Dataset excerpt =
- Opening Delimiter -

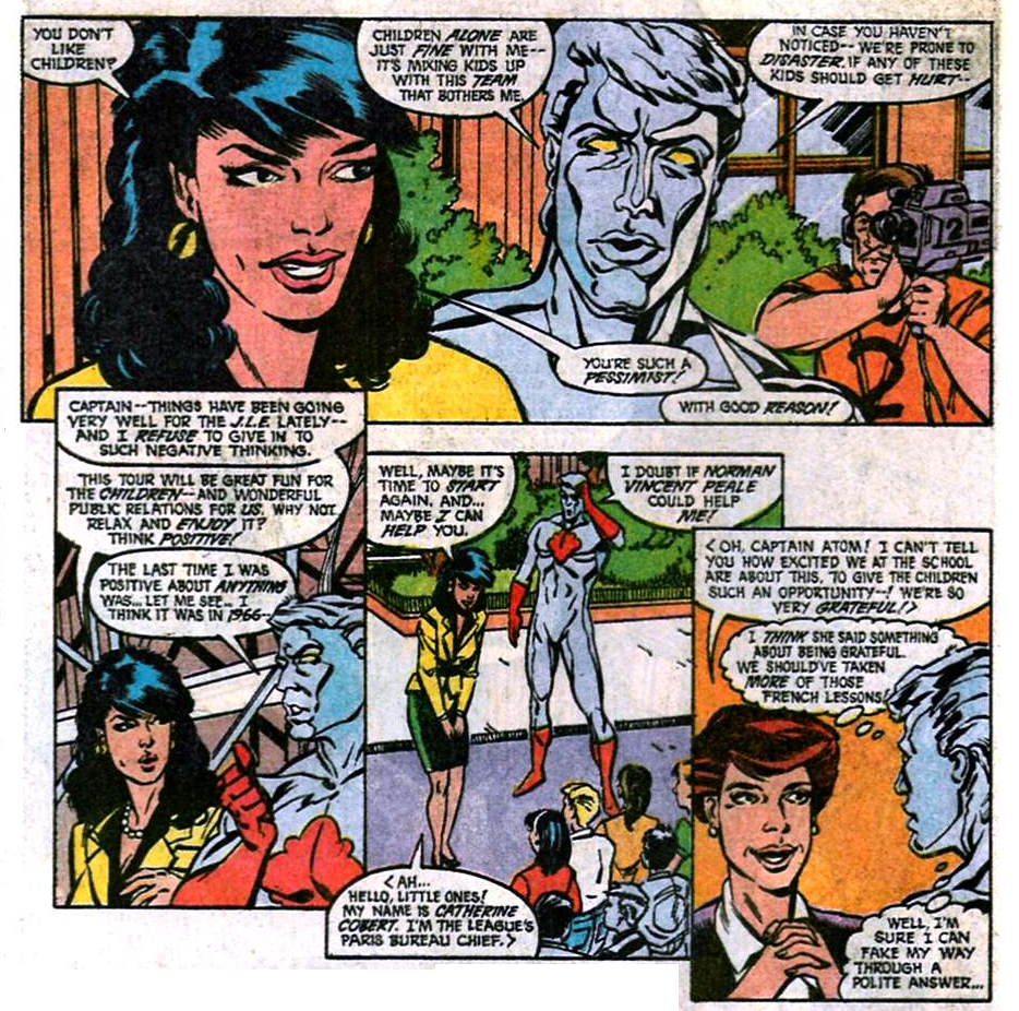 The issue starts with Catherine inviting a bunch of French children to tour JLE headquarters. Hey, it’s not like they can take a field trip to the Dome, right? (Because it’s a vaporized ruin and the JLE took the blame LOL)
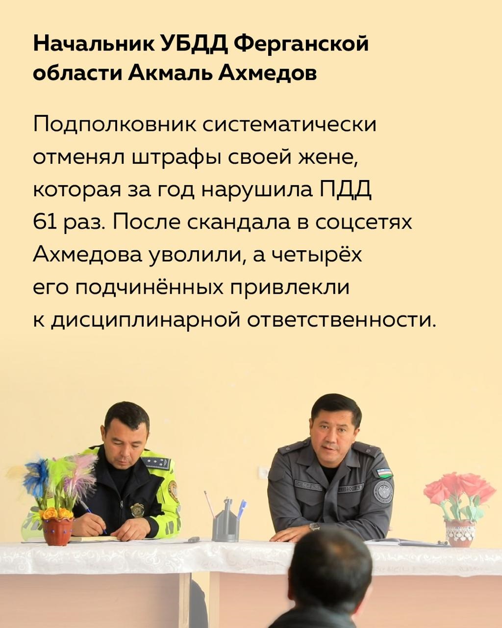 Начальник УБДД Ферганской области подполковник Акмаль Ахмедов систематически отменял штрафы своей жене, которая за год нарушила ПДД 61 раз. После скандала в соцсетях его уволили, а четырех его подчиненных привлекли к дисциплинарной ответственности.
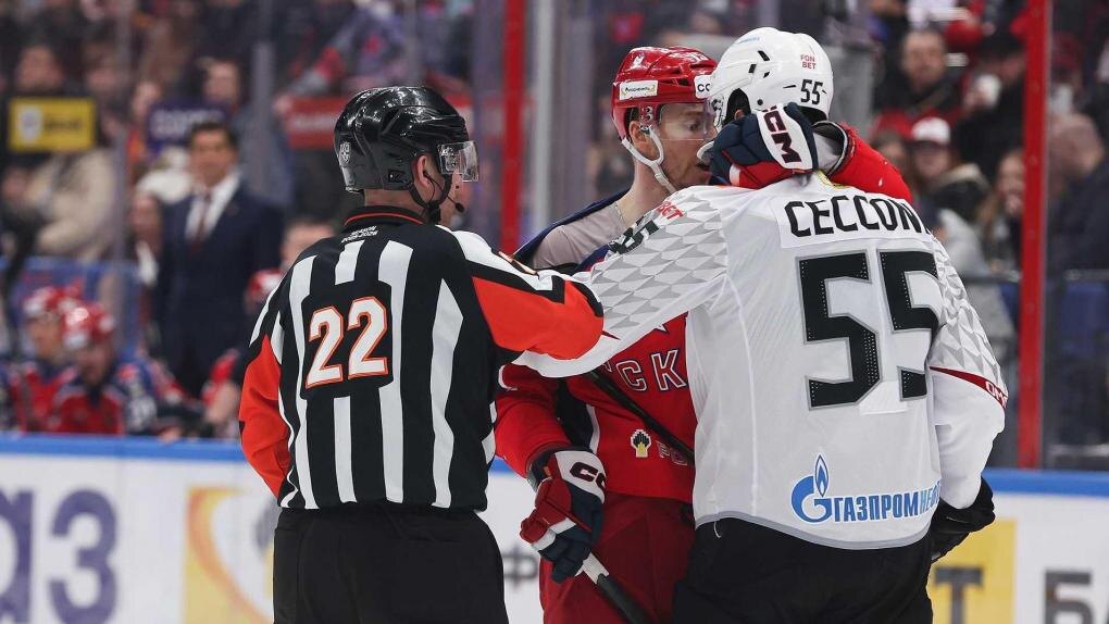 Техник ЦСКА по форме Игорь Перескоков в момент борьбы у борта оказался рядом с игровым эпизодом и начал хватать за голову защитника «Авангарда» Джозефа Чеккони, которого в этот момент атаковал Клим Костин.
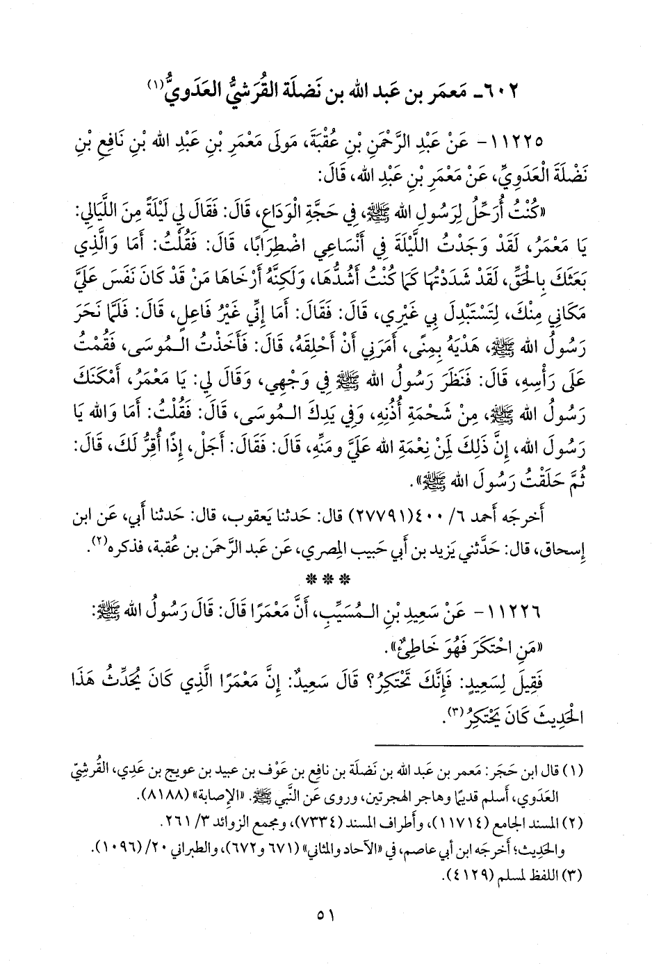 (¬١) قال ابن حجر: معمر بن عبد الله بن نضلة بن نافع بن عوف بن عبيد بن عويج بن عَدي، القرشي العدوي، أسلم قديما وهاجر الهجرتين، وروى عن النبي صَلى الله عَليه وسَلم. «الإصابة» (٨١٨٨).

- Closing Delimiter -

What the exercise asks = Hand back the data above exactly, leaving out all pictures.

Response below =
 The issue starts with Catherine inviting a bunch of French children to tour JLE headquarters. Hey, it’s not like they can take a field trip to the Dome, right? (Because it’s a vaporized ruin and the JLE took the blame LOL)
 Начальник УБДД Ферганской области подполковник Акмаль Ахмедов систематически отменял штрафы своей жене, которая за год нарушила ПДД 61 раз. После скандала в соцсетях его уволили, а четырех его подчиненных привлекли к дисциплинарной ответственности.
 Техник ЦСКА по форме Игорь Перескоков в момент борьбы у борта оказался рядом с игровым эпизодом и начал хватать за голову защитника «Авангарда» Джозефа Чеккони, которого в этот момент атаковал Клим Костин.
 (¬١) قال ابن حجر: معمر بن عبد الله بن نضلة بن نافع بن عوف بن عبيد بن عويج بن عَدي، القرشي العدوي، أسلم قديما وهاجر الهجرتين، وروى عن النبي صَلى الله عَليه وسَلم. «الإصابة» (٨١٨٨).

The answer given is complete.